= Battle of Yavin =

Fictional battle in the Star Wars franchise

The Battle of Yavin is a key event in the fictional universe of Star Wars, in which the Galactic Empire confronts the Rebel Alliance around the gas giant Yavin and its fourth moon. It serves as the chronological reference point for the franchise’s in-universe dating system, with years denoted as Before or After the Battle of Yavin (BBY/ABY).

Following the Battle of Scarif, the Rebels obtain the plans for the Death Star, a massive Imperial space station with planet-destroying capability. The Empire locates the Rebel base on Yavin 4 and prepares to eliminate it using the Death Star. A hidden structural weakness is discovered, prompting the Rebels to launch a last-ditch assault. As the Death Star enters orbit, Rebel starfighters engage Imperial forces led by Darth Vader. Luke Skywalker, using the Force, successfully exploits the station’s vulnerability and destroys it. Vader survives and escapes.

The battle marks the Rebel Alliance's first major victory, though they are soon forced to relocate. Vader continues to pursue them, targeting leadership and key operatives.

The event is depicted in the 1977 film Star Wars: Episode IV – A New Hope. It was produced primarily using practical special effects and is further explored in related novels, comics, and video games.

== Universe ==

A blue lightsaber, the weapon of the Jedi, and a red lightsaber, the weapon of the Sith.
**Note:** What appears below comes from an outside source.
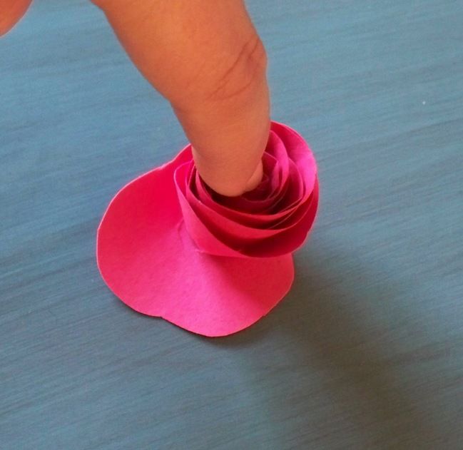 3. Придерживая одной рукой цветок у основания, расширяйте пальцем скрученную полоску, до тех пор, пока роза не приобретет желаемую форму.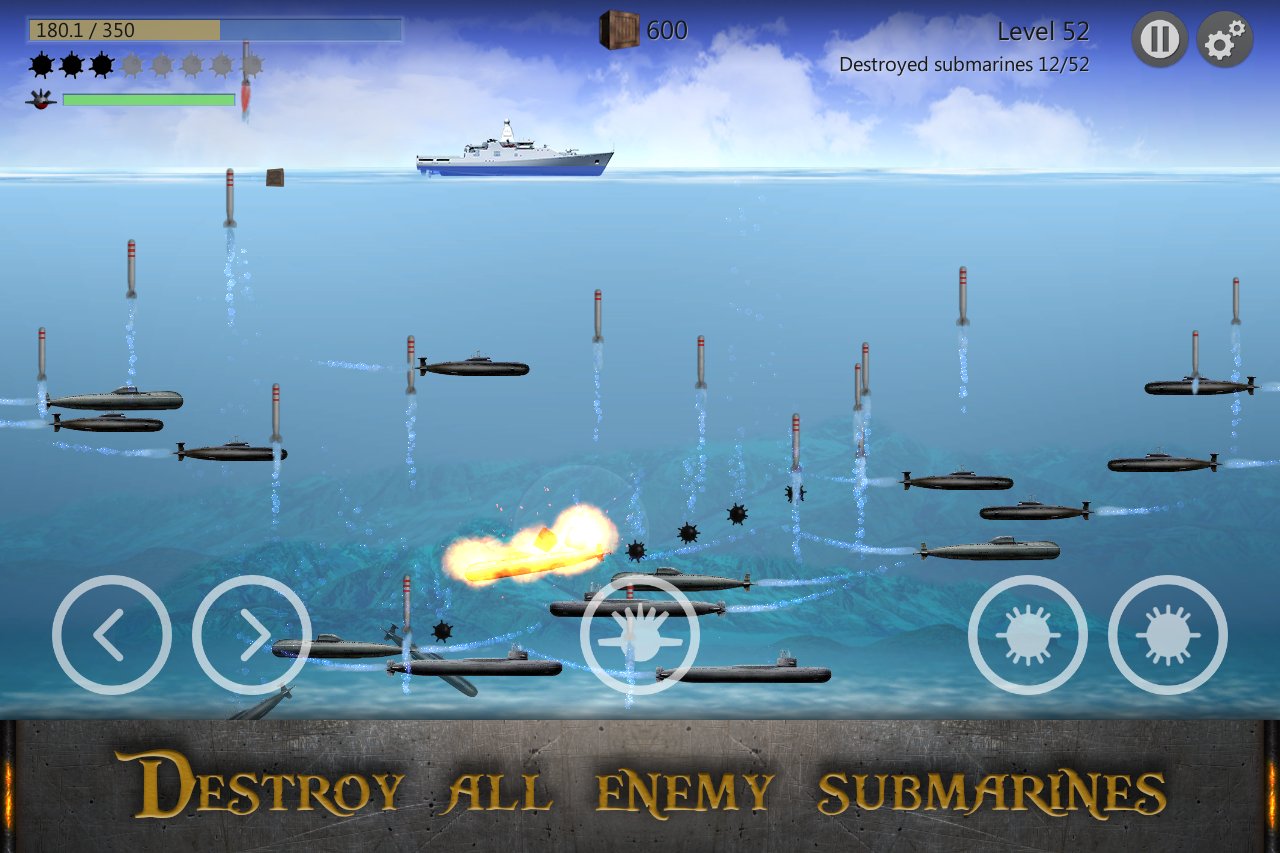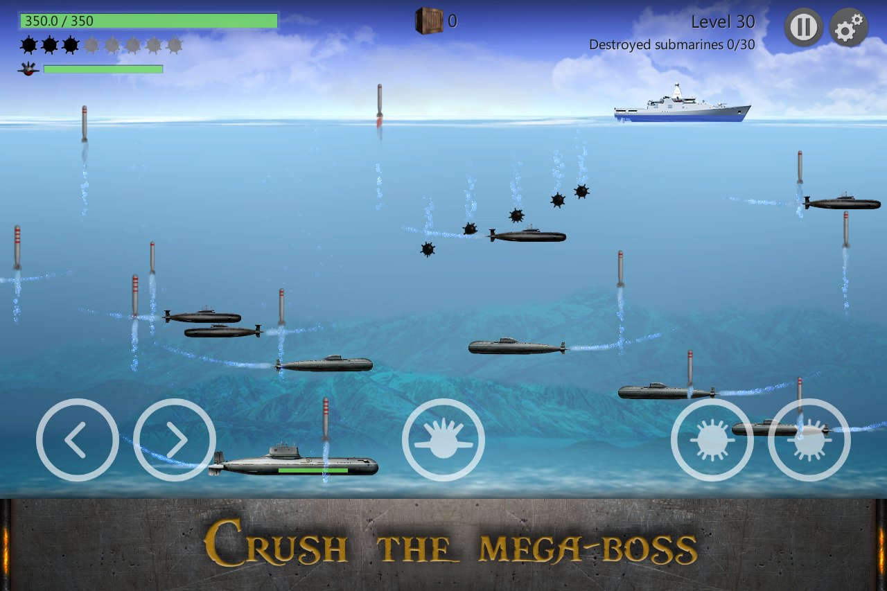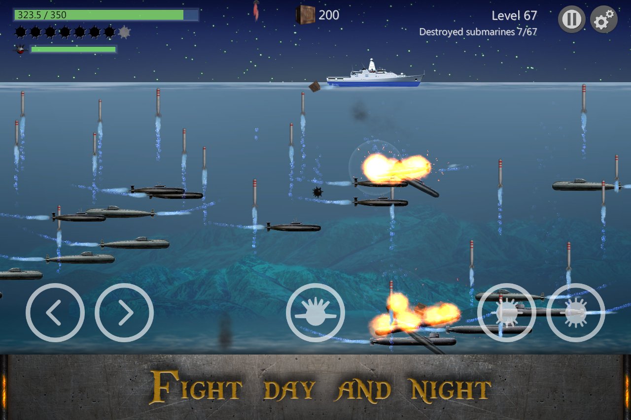 Sea Battle : War Thunder – a game on Android where you control a ship and destroy submarines of enemy. In this game your main task is not to give submarines to destroy your ship, and this will increase his agility and excellent response. Drop mines and collect the maximum number of chests that will allow you to improve the five dimensions of the ship: there will be a chance to become faster, to increase the strength of the ship, to increase the arming and speed up the repairs of the ship. Enjoy any free time and enjoy it. The main features of the game is – 4 types of submarines, the changing time of day and an unlimited number of levels.

The Star Wars universe is set in a galaxy inhabited by humans and various alien species. It centers on the conflict between Jedi Knights and Sith Lords, Force-sensitive individuals who possess psychic abilities. The Jedi use the light side of the Force to maintain peace, while the Sith draw on the dark side to pursue power and domination.

Since Disney's acquisition of Lucasfilm, Star Wars exists in two versions: "Legends" and "Canon." Both include the six original films and the series The Clone Wars. "Legends" includes additional content released before 2014 in books, comics, games, and TV movies. "Canon" includes all material released since 2014.

== Background ==
Years before the Clone Wars, the Confederacy of Independent Systems begins developing a superweapon capable of destroying planets: the Death Star. Following the war in 19 BBY, the Galactic Republic becomes the Galactic Empire, and Grand Moff Tarkin oversees the Death Star’s construction, completed nearly two decades later. The weapon is designed to suppress opposition.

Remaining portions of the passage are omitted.